Di Archivio Antifascista
Il rosso e il bruno. Erano questi i colori dominanti del primo nazismo (contrazione lessicale di nazionalsocialismo): il rosso della bandiera con la svastica, ideata da Hitler per evocare il socialismo, e il bruno delle uniformi delle S.A. (Sturmabteilung), la prima organizzazione armata paramilitare del partito nazista.

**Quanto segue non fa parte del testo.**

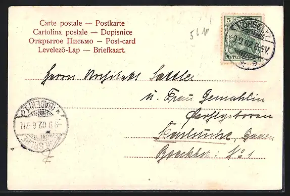 alte Ansichtskarte, gelaufen 1902, Eckknick unte re., guter Zustand
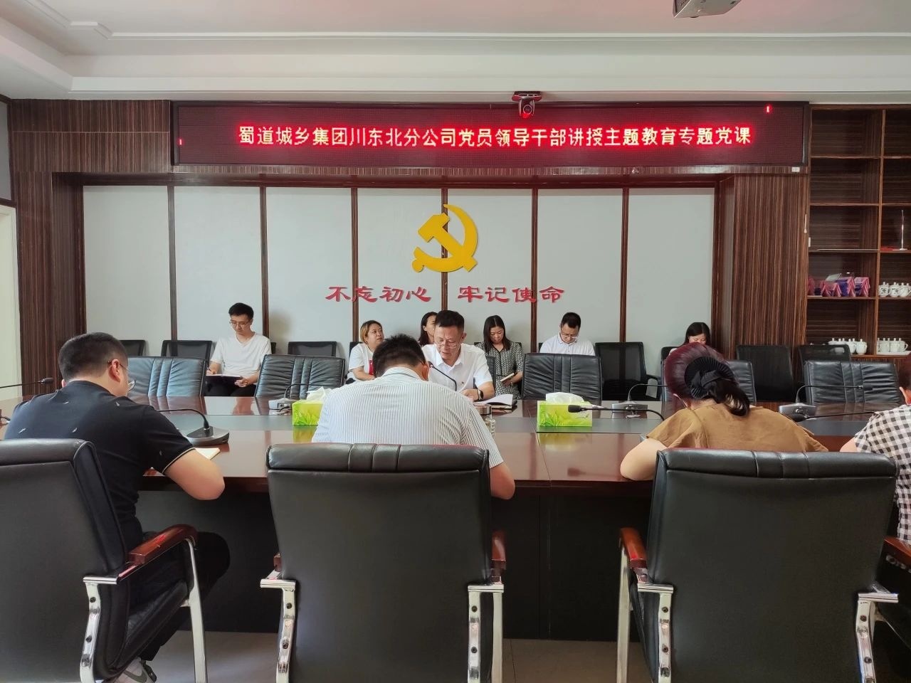为扎实推进学习贯彻习近平新时代中国特色社会主义思想主题教育走深走实,7月18日,蜀道城乡集团川东北分公司党委副书记、总经理张健结合主题教育要求和工作实际以《感悟思想伟力 凝聚奋进力量》为题为达州“莲花府邸”项目全体员工讲授了一堂生动形象的专题党课。
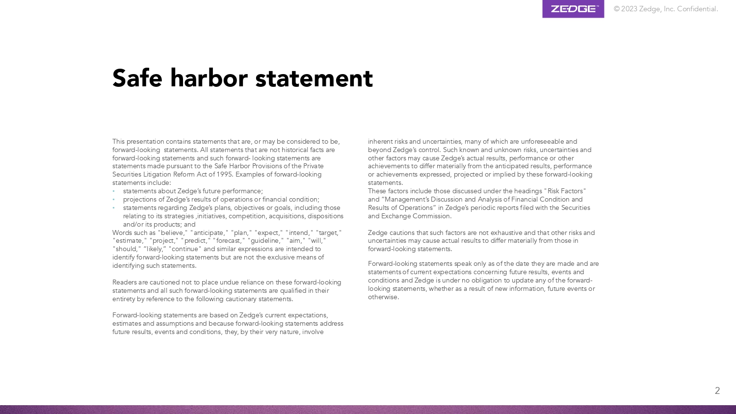 © 2023 Zedge, Inc. Confidential. 2 This presentation contains statements that are, or may be considered to be, forward - looking statements. All statements that are not historical facts are forward - looking statements and such forward - looking statements are statements made pursuant to the Safe Harbor Provisions of the Private Securities Litigation Reform Act of 1995. Examples of forward - looking statements include: • statements about Zedge’s future performance; • projections of Zedge’s results of operations or financial condition; • statements regarding Zedge’s plans, objectives or goals, including those relating to its strategies ,initiatives, competition, acquisitions, dispositions and/or its products; and Words such as "believe," "anticipate," "plan," "expect," "intend," "target," "estimate," "project," "predict," "forecast," "guideline," "aim," "will," "should," “likely,” "continue" and similar expressions are intended to identify forward - looking statements but are not the exclusive means of identifying such statements. Readers are cautioned not to place undue reliance on these forward - looking statements and all such forward - looking statements are qualified in their entirety by reference to the following cautionary statements. Forward - looking statements are based on Zedge’s current expectations, estimates and assumptions and because forward - looking statements address future results, events and conditions, they, by their very nature, involve inherent risks and uncertainties, many of which are unforeseeable and beyond Zedge’s control. Such known and unknown risks, uncertainties and other factors may cause Zedge’s actual results, performance or other achievements to differ materially from the anticipated results, performance or achievements expressed, projected or implied by these forward - looking statements. These factors include those discussed under the headings "Risk Factors" and “Management’s Discussion and Analysis of Financial Condition and Results of Operations” in Zedge’s periodic reports filed with the Securities and Exchange Commission. Zedge cautions that such factors are not exhaustive and that other risks and uncertainties may cause actual results to differ materially from those in forward - looking statements. Forward - looking statements speak only as of the date they are made and are statements of current expectations concerning future results, events and conditions and Zedge is under no obligation to update any of the forward - looking statements, whether as a result of new information, future events or otherwise. Safe harbor statement
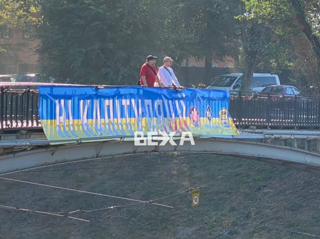 На двух мостах в Харькове - на Клочковском спуске и на проспекте Льва Ландау - появились баннеры "Ні капітуляції".
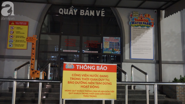 Theo ghi nhận, trước khu vực cổng của công viên nước Thanh Hà đã đặt tấm biển thông báo tạm ngừng hoạt động.

Le Squadre d’assalto, fondate e comandate da Ernst Röhm, furono infatti note anche come “camicie brune” o “armata bruna”, ma vennero pure soprannominate sezioni “bistecca”, ossia brune fuori e rosse dentro, non solo perché vi aderirono in maggioranza lavoratori industriali e agricoli [circa il 62%][1] – tra i quali numerosi ex comunisti o ex socialdemocratici – ma in quanto attraversate da una concezione marcatamente anti-borghese del nazionalsocialismo.
Oltre che tra gli squadristi della S.A., era infatti convinzione diffusa nella “sinistra” del nazionalsocialismo che fosse necessaria una “seconda rivoluzione” che portasse alla liquidazione dei privilegi dei ceti borghesi, dei banchieri e della dinastia imperiale, entrando in conflitto con Hitler per la sua politica subalterna al capitalismo industriale, tanto da essere accusato di tradimento.
Su posizioni ulteriormente estremiste, fin dagli inizi del movimento nazionalsocialista, era stata forte la tendenza definita come “nazionalboscevica” che faceva proprio il modello sovietico del socialismo da caserma, giungendo a una visione strategica in cui l’asse imperiale euro-asiatico – con Terzo Reich e Urss alleate – avrebbe conteso il dominio continentale alle nazioni liberaldemocratiche dell’Occidente.
Tale prospettiva, negli anni Trenta, in Germania poteva vantare diversi precedenti storici, risalenti a von Clausewitz, e anche riferimenti filosofici, tra i quali Jünger; ma l’aspetto più significativo è che nel cruciale primo dopoguerra tedesco il suggestivo incontro tra l’ideologia nazionalista e quella del “socialismo in un solo paese” portò al costituirsi di formazioni e correnti politiche ad esso ispirate, sia in campo nazionalista che in settori social-comunisti.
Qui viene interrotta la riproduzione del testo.